From: Michael Haggerty <mhagger@alum.mit.edu>
To: David Turner <dturner@twopensource.com>, git@vger.kernel.org
Subject: Re: [PATCH v4 13/21] refs: resolve symbolic refs first
Date: Thu, 18 Feb 2016 12:59:58 +0100 [thread overview]
Message-ID: <56C5B23E.6090905@alum.mit.edu> (raw)
In-Reply-To: <1455755367.7528.57.camel@twopensource.com>
On 02/18/2016 01:29 AM, David Turner wrote:
> On Fri, 201-02-12 at 15:09 +0100, Michael Haggerty wrote:]
>> On 02/05/2016 08:44 PM, David Turner wrote:
>>> Before committing ref updates, split symbolic ref updates into two
>>> parts: an update to the underlying ref, and a log-only update to
>>> the
>>> symbolic ref. This ensures that both references are locked
>>> correctly
>>> while their reflogs are updated.
>>>
>>> It is still possible to confuse git by concurrent updates, since
>>> the
>>> splitting of symbolic refs does not happen under lock. So a
>>> symbolic ref
>>> could be replaced by a plain ref in the middle of this operation,
>>> which
>>> would lead to reflog discontinuities and missed old-ref checks.
>>
>> This patch is doing too much at once for my little brain to follow.
>>
>> My first hangup is the change to setting RESOLVE_REF_NO_RECURSE
>> unconditionally in lock_ref_sha1_basic(). I count five callers of
>> that
>> function and see no justification for why the change is OK in the
>> context of each caller. Here are some thoughts:
>>
>> * The call from files_create_symref() sets REF_NODEREF, so it is
>> unaffected by this change.
>
> Yes.
>
>> * The call from files_transaction_commit() is preceded by a call to
>> dereference_symrefs(), which I assume effectively replaces the need
>> for
>> RESOLVE_REF_NO_RECURSE.
>
> Yes.
>
>> * There are two calls from files_rename_ref(). Why is it OK to do
>> without RESOLVE_REF_NO_RECURSE there?
>>
>> * For the oldrefname call, I suppose the justification is the
>> "(flag &
>> REF_ISSYMREF)" check earlier in the function. (But does this
>> introduce a
>> significant TOCTOU race?)
>
> The refs code as a whole seems likely to have TOCTOU issues. In
> general, anywhere we check/set flag & REF_ISSYMREF without holding a
> lock, we have a potential problem. I haven't generally tried to handle
> these cases, since they're not presently handled.

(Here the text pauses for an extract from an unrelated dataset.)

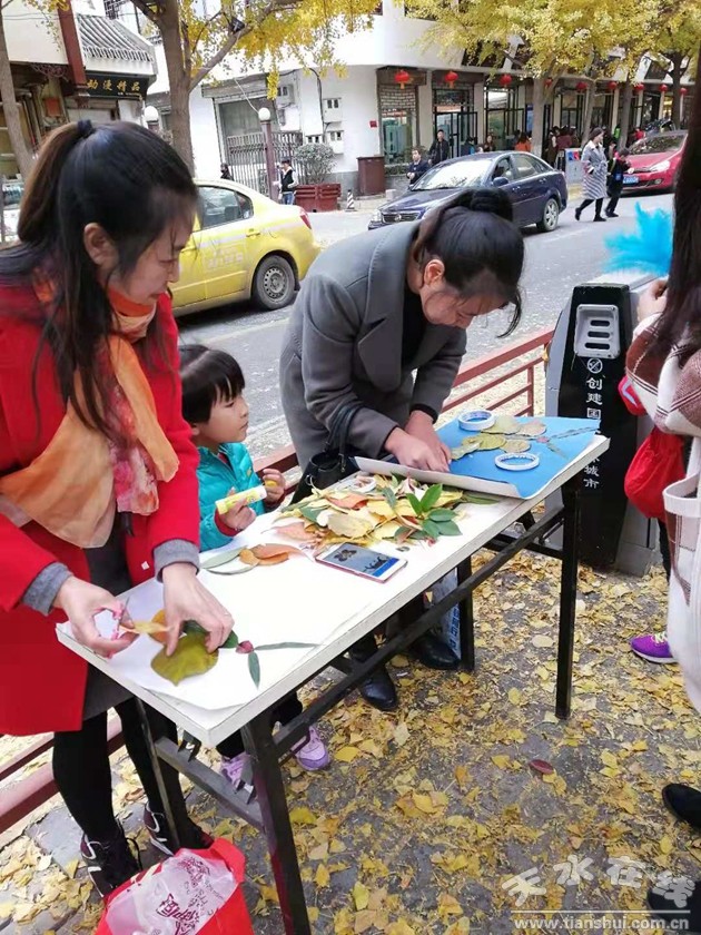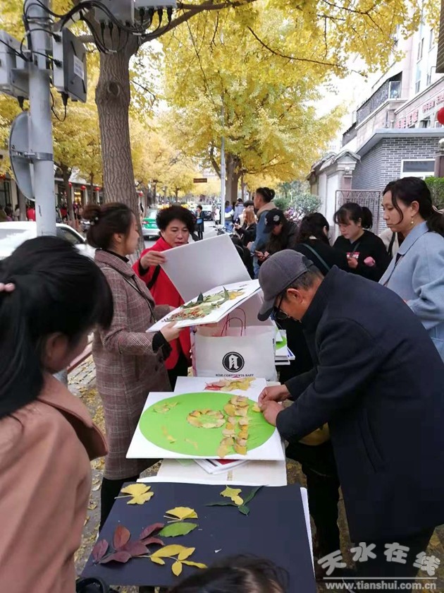 11月3日,區(qū)文化館組織的“詩意秦州”樹葉創(chuàng)意作品展在黃金大道舉行。40余名少年兒童在家長的陪同下,就地取材,現(xiàn)場作畫,以秦州的自然人文景觀為創(chuàng)作原型,親手創(chuàng)作出一幅幅充滿童趣的樹葉畫,在欣賞美景之余,激發(fā)少年兒童熱愛家鄉(xiāng),建設(shè)家鄉(xiāng)的熱情;顒蝇F(xiàn)場吸引了不少行人駐足觀看,充滿創(chuàng)意的作品為黃金大道增添一抹活力和亮色。作為黃金大道系列文化活動之一,此后將會有更多展示秦州歷史文化的活動陸續(xù)開展,豐富市民的精神文化生活。

I agree that we don't do so well here, though I think that most races
would result in reading/writing a ref that was pointed to by the symref
a moment ago, which is usually indistinguishable to the user from their
update having gone through the moment before the symref was updated. So
I don't think your change makes this bit of code significantly worse.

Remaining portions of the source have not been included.